Available records ->
===
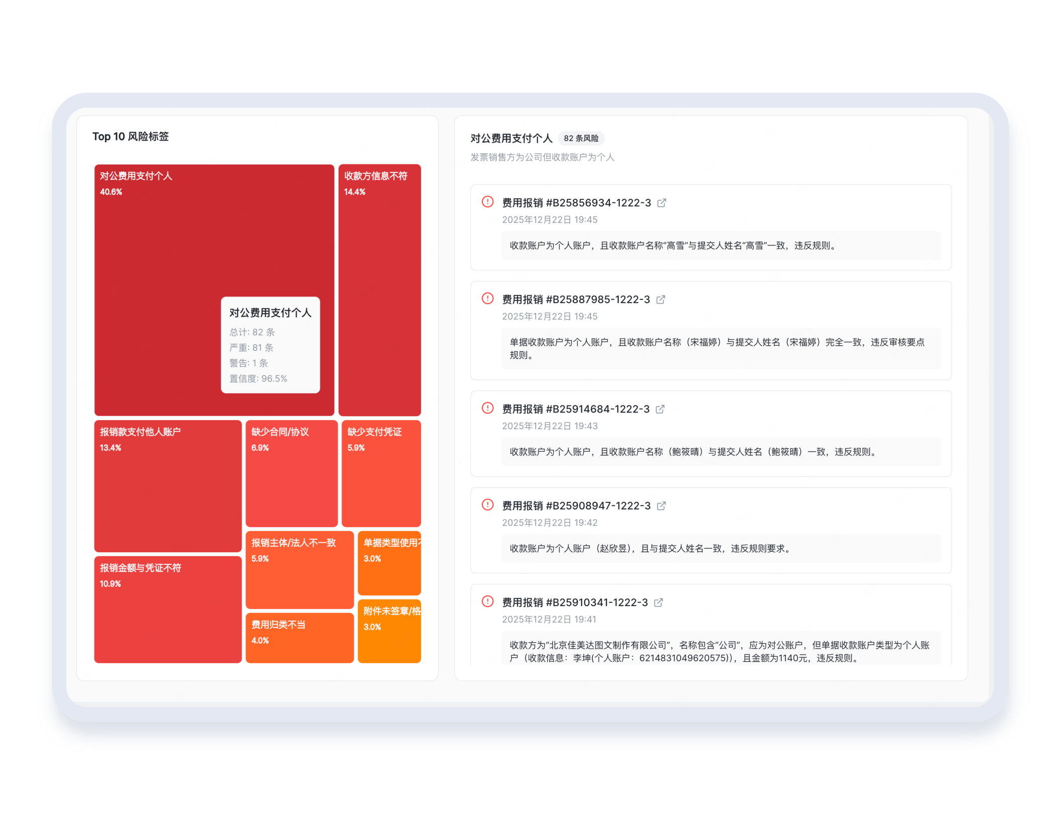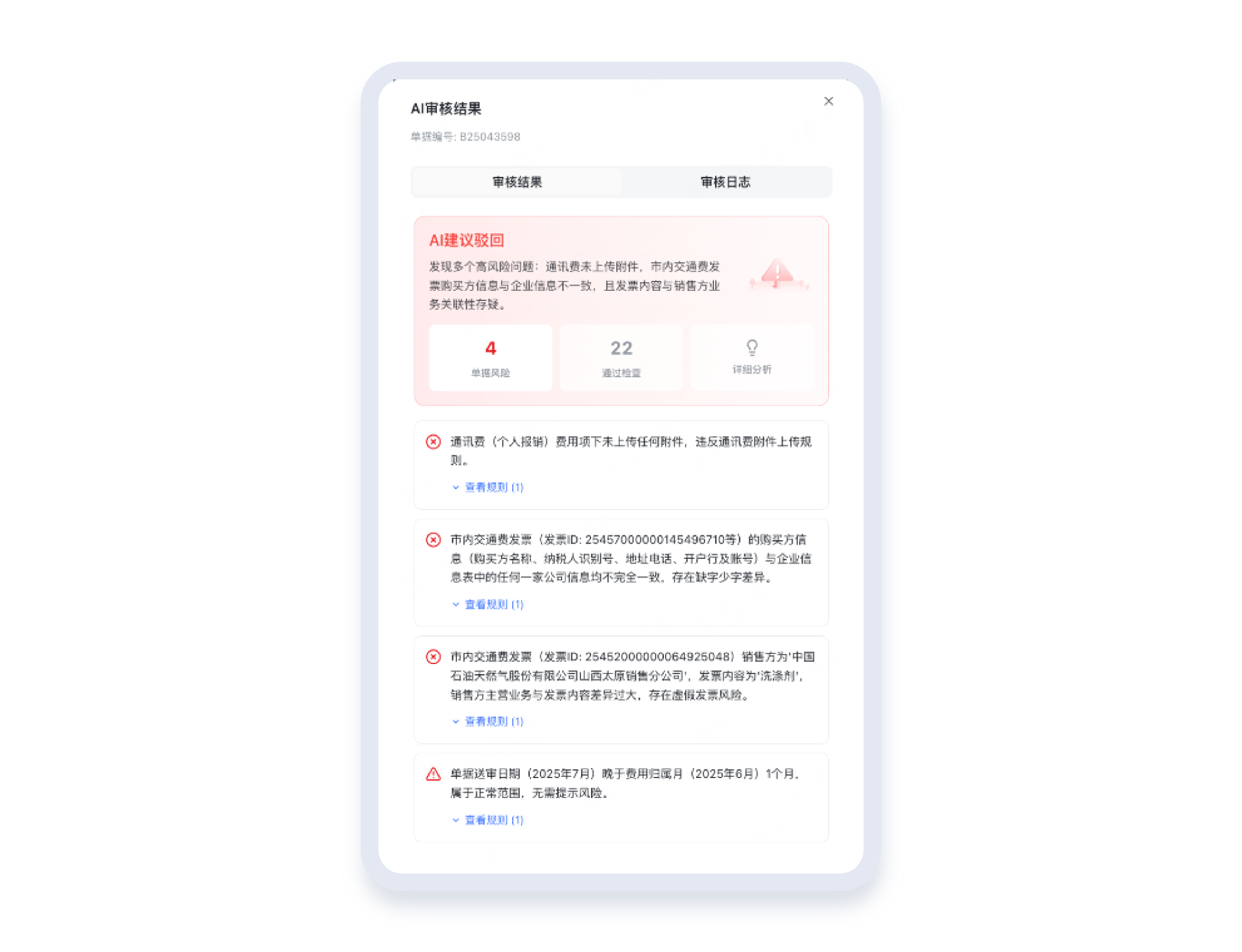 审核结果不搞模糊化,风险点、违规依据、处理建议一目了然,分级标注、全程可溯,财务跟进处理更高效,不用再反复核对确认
===
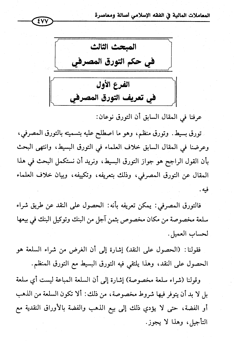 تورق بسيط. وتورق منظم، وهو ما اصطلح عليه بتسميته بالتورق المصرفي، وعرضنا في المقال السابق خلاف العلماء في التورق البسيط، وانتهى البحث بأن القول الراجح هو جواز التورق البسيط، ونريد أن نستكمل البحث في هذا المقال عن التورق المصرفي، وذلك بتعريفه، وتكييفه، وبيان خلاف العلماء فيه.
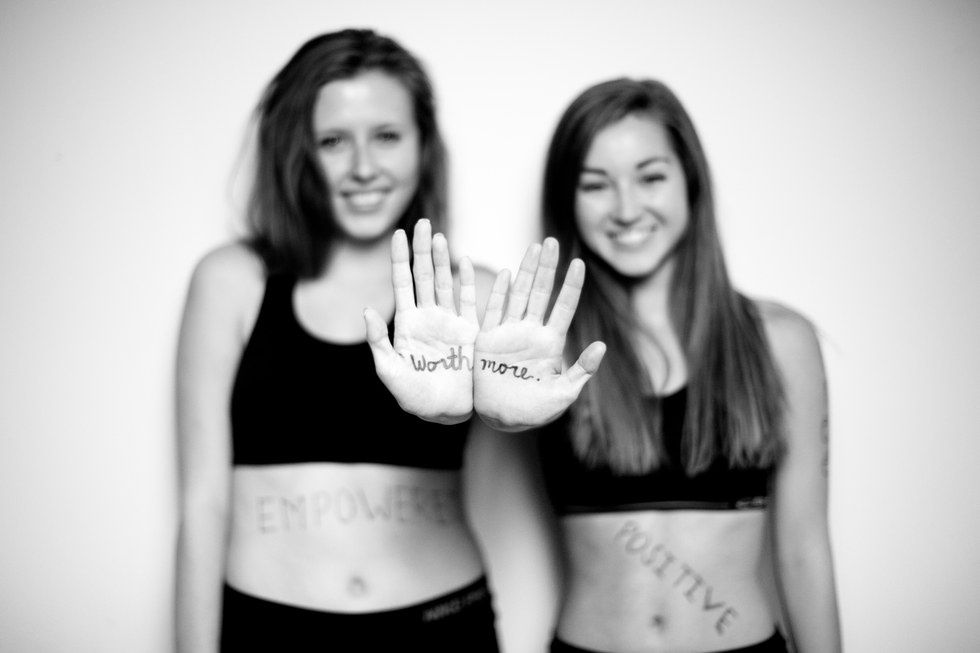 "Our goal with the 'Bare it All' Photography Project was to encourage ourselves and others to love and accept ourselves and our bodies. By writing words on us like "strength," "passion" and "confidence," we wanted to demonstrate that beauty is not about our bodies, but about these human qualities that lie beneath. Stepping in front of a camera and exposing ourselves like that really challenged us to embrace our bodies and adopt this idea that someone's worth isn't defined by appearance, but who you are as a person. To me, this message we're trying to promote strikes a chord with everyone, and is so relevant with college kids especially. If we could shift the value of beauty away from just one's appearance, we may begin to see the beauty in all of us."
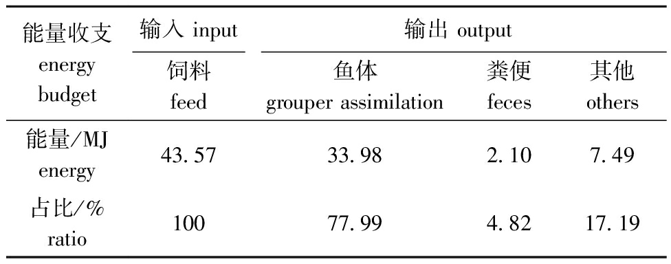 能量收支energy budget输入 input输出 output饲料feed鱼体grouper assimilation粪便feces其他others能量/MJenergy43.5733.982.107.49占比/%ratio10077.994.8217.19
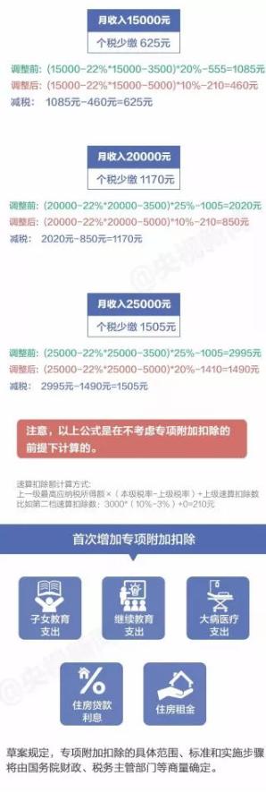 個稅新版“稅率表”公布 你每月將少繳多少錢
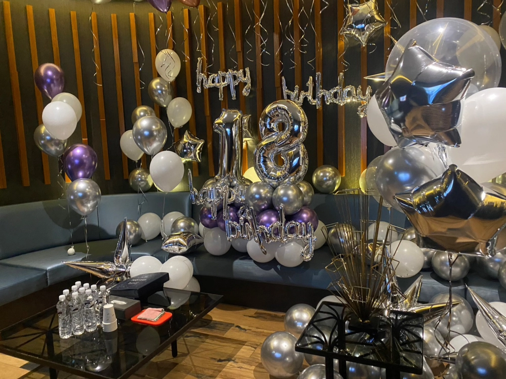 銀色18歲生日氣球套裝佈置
===
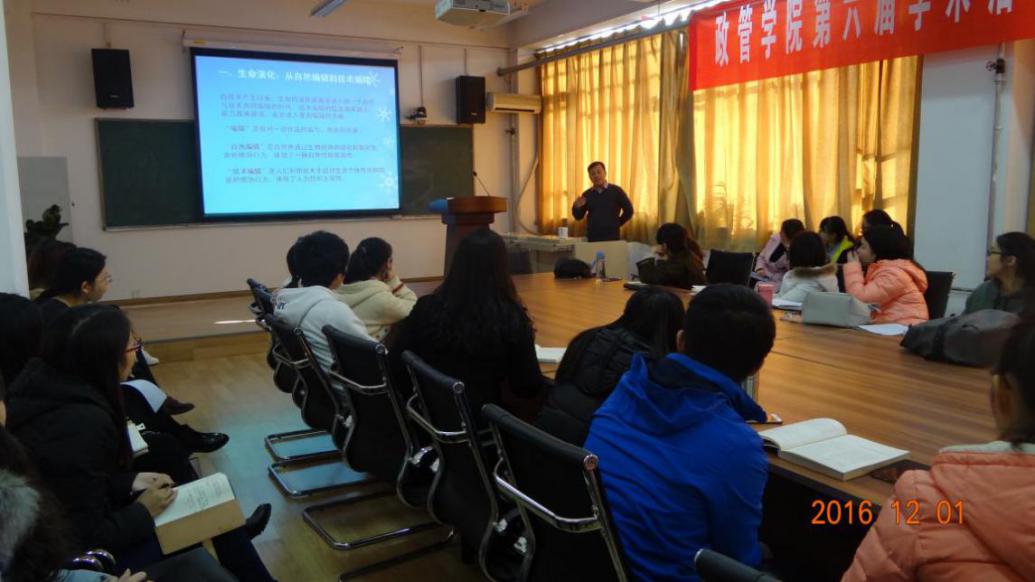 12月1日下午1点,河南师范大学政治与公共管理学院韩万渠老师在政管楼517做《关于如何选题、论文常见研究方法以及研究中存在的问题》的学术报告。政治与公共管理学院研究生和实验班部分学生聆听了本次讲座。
===
What you will do ->
Although the records above contain pictures, the copy should not; retype exactly the lines from the one containing "تورق بسيط. وتورق" through the one containing "銀色18歲生日氣球套裝佈置".

Answer to this exercise ->
 تورق بسيط. وتورق منظم، وهو ما اصطلح عليه بتسميته بالتورق المصرفي، وعرضنا في المقال السابق خلاف العلماء في التورق البسيط، وانتهى البحث بأن القول الراجح هو جواز التورق البسيط، ونريد أن نستكمل البحث في هذا المقال عن التورق المصرفي، وذلك بتعريفه، وتكييفه، وبيان خلاف العلماء فيه.
 "Our goal with the 'Bare it All' Photography Project was to encourage ourselves and others to love and accept ourselves and our bodies. By writing words on us like "strength," "passion" and "confidence," we wanted to demonstrate that beauty is not about our bodies, but about these human qualities that lie beneath. Stepping in front of a camera and exposing ourselves like that really challenged us to embrace our bodies and adopt this idea that someone's worth isn't defined by appearance, but who you are as a person. To me, this message we're trying to promote strikes a chord with everyone, and is so relevant with college kids especially. If we could shift the value of beauty away from just one's appearance, we may begin to see the beauty in all of us."
 能量收支energy budget输入 input输出 output饲料feed鱼体grouper assimilation粪便feces其他others能量/MJenergy43.5733.982.107.49占比/%ratio10077.994.8217.19
 個稅新版“稅率表”公布 你每月將少繳多少錢
 銀色18歲生日氣球套裝佈置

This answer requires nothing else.